● Activity
After locating the line that contains "biến, chuẩn HD |", output that line and each one following it, exactly, to the end of the entries. No pictures.

Collected data:
□ □ □ □ □
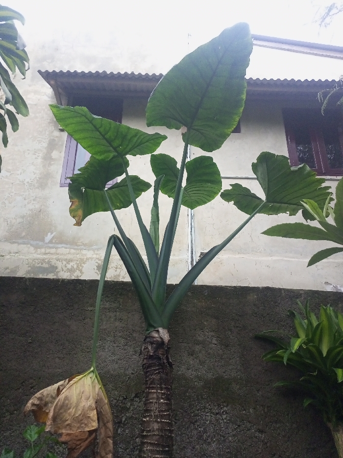 The image displays an outdoor scene in Bamhori, India, featuring a prominent large-leafed plant positioned in front of a concrete wall and a building. The central subject is a tall plant, likely an Alocasia or Colocasia, with a thick, ridged, dark brown trunk approximately 0.8 meters in height. Multiple sturdy green petioles extend upwards from the trunk, supporting several large, dark green, heart-shaped leaves that exhibit distinct venation. One elongated, slender petiole descends towards the lower left, culminating in a single, withered, light brown, curled leaf. To the lower right, a cluster of smaller green, leafy plants is partially visible. The plant stands against a grey, unpainted concrete wall with a coarse texture. Above this wall, a light-colored building with a textured facade is present. Two rectangular windows, featuring dark frames and a purple tint, are visible on the building. A dark, corrugated metal awning or roof overhang extends across the top of the visible building section. The sky is bright and overcast, suggesting daytime. No individuals or active subjects are depicted.
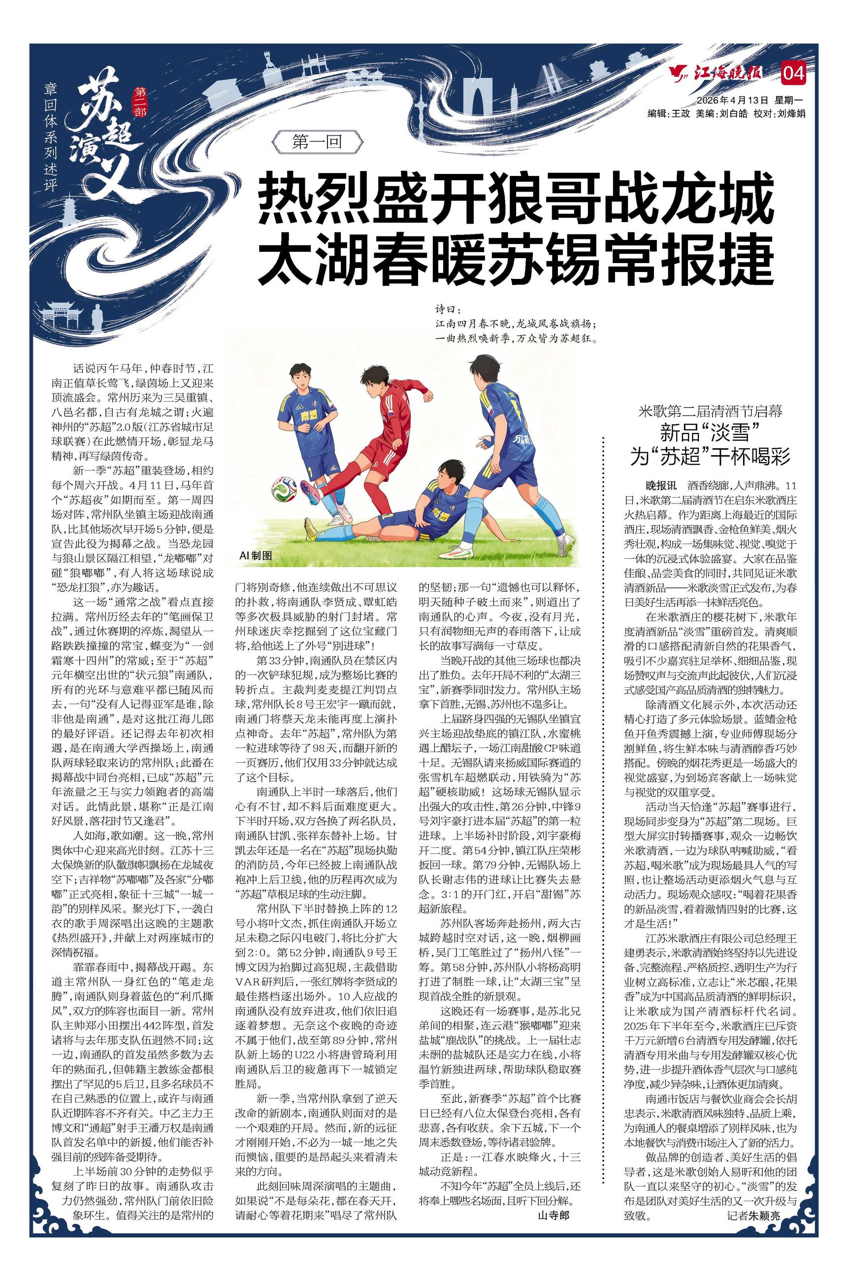 话说丙午马年,仲春时节,江南正值草长莺飞,绿茵场上又迎来顶流盛会。常州历来为三吴重镇、八邑名都,自古有龙城之谓;火遍神州的“苏超”2.0版(江苏省城市足球联赛)在此燃情开场,彰显龙马精神,再写绿茵传奇。
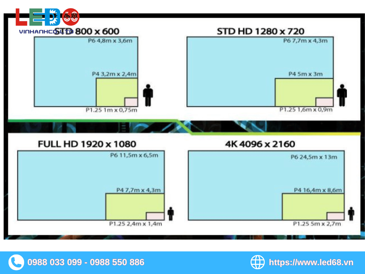 | 16:9 | Video, hội nghị, sân khấu | Hình ảnh rõ nét, phổ biến, chuẩn HD |
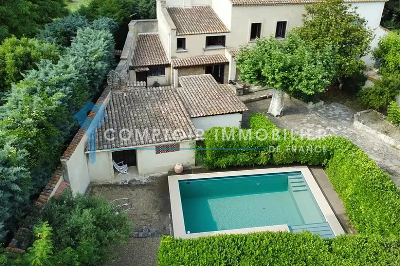 La propriété arborée est accessible par un grand portail en fer forgé et dispose d'une piscine entourée de verdure. Le mas comprend un séjour avec une cheminée en pierre, une cuisine séparée, des pièces à aménager, 4 chambres à l'étage, des annexes et plus. Contactez-nous pour le découvrir !
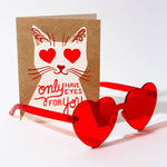 Printed in bright red and metallic gold, this charming little kitty only has eyes for you, and they are full of love. Ideal for Valentine's Day, an anniversary, or just because.
□ □ □ □ □
● Written answer
 | 16:9 | Video, hội nghị, sân khấu | Hình ảnh rõ nét, phổ biến, chuẩn HD |
 La propriété arborée est accessible par un grand portail en fer forgé et dispose d'une piscine entourée de verdure. Le mas comprend un séjour avec une cheminée en pierre, une cuisine séparée, des pièces à aménager, 4 chambres à l'étage, des annexes et plus. Contactez-nous pour le découvrir !
 Printed in bright red and metallic gold, this charming little kitty only has eyes for you, and they are full of love. Ideal for Valentine's Day, an anniversary, or just because.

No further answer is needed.